Being An EMT Is Super Hard, And That's Exactly Why You Should Do It

Generalizing from my older articles about being a competitive pre-med student, I'd like to address a topic that is relevant to people pursuing not just allopathic medicine but for anyone pursuing a career related to healthcare. We want to enter healthcare for the purpose of helping people remain healthy throughout their lives. One of the best ways to accomplish this is to become an emergency medical technician (EMT). After taking my EMT course and getting my certification, I realize just how much I've learned.

In school, you get taught the theory (and in some cases, laboratory applications) of how something works, whether it be biology, chemistry, physics, etc. However, you never learn the clinical side of things here, where you apply what you know to taking care of patients. If I could pick one thing in my life that taught me more about how to be a doctor (or other healthcare professional), it would be my EMT course.

Transitioning between theory and clinical skills was quite difficult at first; in real life, I would have to quickly assess a large amount of information given by the patient, such as their vital signs, their signs and symptoms, and other allergies. To help with that, learning the protocols that were developed by the state or EMS agency helped me learn the algorithm required for treating the patient as quickly as possible and transporting them to the hospital, if necessary. Rotations also helped me learn how being an EMT is done in real life and how to handle adverse situations calmly and rationally.
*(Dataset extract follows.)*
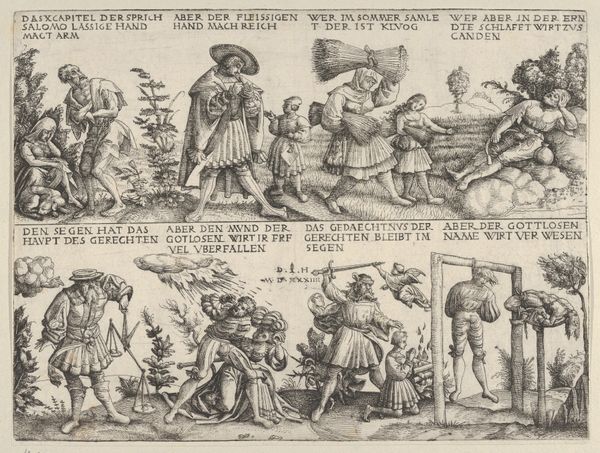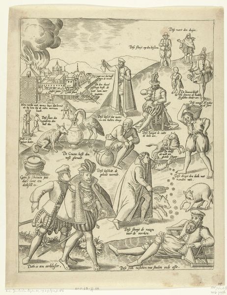 Editor: This is "Hoe de helden van Waert een dode rog bestrijden," or "How the Heroes of Waert Fight a Dead Ray," made around the early 1600s, probably an engraving. The first thing that strikes me is the incredibly detailed line work, capturing so much frantic energy. What compositional elements stand out to you? Curator: The emphasis, decidedly, is on the arrangement of forms and the intricate web of lines that compose them. The scene is busy, undeniably, but note how the artist uses line weight to direct the eye. Thicker, darker lines define the figures in the foreground, particularly the men wielding spears. Editor: Yes, the linework seems to almost vibrate with motion. I’m drawn to the... strange... placement of the ray itself. Curator: Indeed. Semiotically, the ray takes a privileged position as the axis. Observe the structural contrast created by its prominent position relative to the adjacent group centered around the cannon; its radiating lines diverge into the visual density, where meaning perhaps becomes even more polysemic. Editor: Polysemic? Do you mean many layered and perhaps conflicting? Curator: Precisely. It underscores the formal disjunction at the work's core. The figures are rendered with precision and attention, yes, yet integrated into a flattened pictorial space that pushes against representational norms. A rupture occurs, of sorts. It appears hyperreal while it struggles to render perspectival coherence, yielding narrative opportunities. Editor: The background is very flat. And the eye bounces around without landing anywhere specific. Curator: Quite. That tension, between detailed rendering and compositional flattening, constitutes, for me, the artwork's generative principle. The very visual activity speaks for a mode of thinking. Editor: I never thought of that. Now I see it! Thanks, I appreciate your perspective on the composition. Curator: An acute observation. I trust you continue to reflect on the material components within the artwork's semiotic context and form.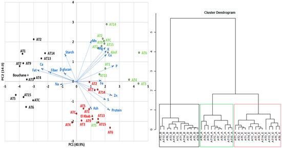 Based on the relationship between the PCA components and the traits, and the support of the dendrogram, three groups were highlighted for their similarities. Growing conditions first determine the distribution of the lines, as shown in Figure 1. When lines are grown at the Bouchane site (black color), the kernels tend to contain more fat, fiber, and calcium and relatively less phosphorus and zinc. This was more pronounced in AT1, AT2, AT7, and AT9. The lines from the Alnif area (green color) were divided into a group with high levels of phosphorus, zinc, sulfur, and iron (AT3, AT4, AT6) and another cluster with relatively high levels of starch, manganese, magnesium, potassium, and copper (AT2, AT7, AT9, AT14, AT15, and ATC). The El Kbab locality (red color) is characterized by high protein and ash content and relatively low starch content, probably due to an offsetting compensation between protein and starch, as commonly reported in cereals. This group is mainly represented by lines AT3, AT6, AT13, AT15. Alnif’s AT5 (in green) behaved in the same way as the latter group.

But more importantly, working as an EMT is critical to helping save the lives of people before doctors could ever get to the patient. By treating them and providing them reassurance and comfort, you essentially play the role of a doctor way before you would ever apply to medical school. It not only strengthens your application in terms of your clinical experience and commitment to medicine but also demonstrates your compassion and warmth that could brighten a patient's day, not to mention your mental fortitude (these classes are by no means a walk in the park). Remember that treating a patient is only half of what a healthcare professional does; showing humanity is the other part. Nobody wants to be treated by a machine, so act like a human and be professional.

I would strongly encourage you to become an EMT if you're serious about applying to medical school or pursuing other health professions. If you want to be a paramedic, having EMT certification is a prerequisite. For other avenues of healthcare, the clinical skills that you would learn would not just help you become better at your job but help you manage any type of emergency that comes your way. Being able to perform CPR, basic first aid, or other treatment when not on duty is truly a lifesaving gift.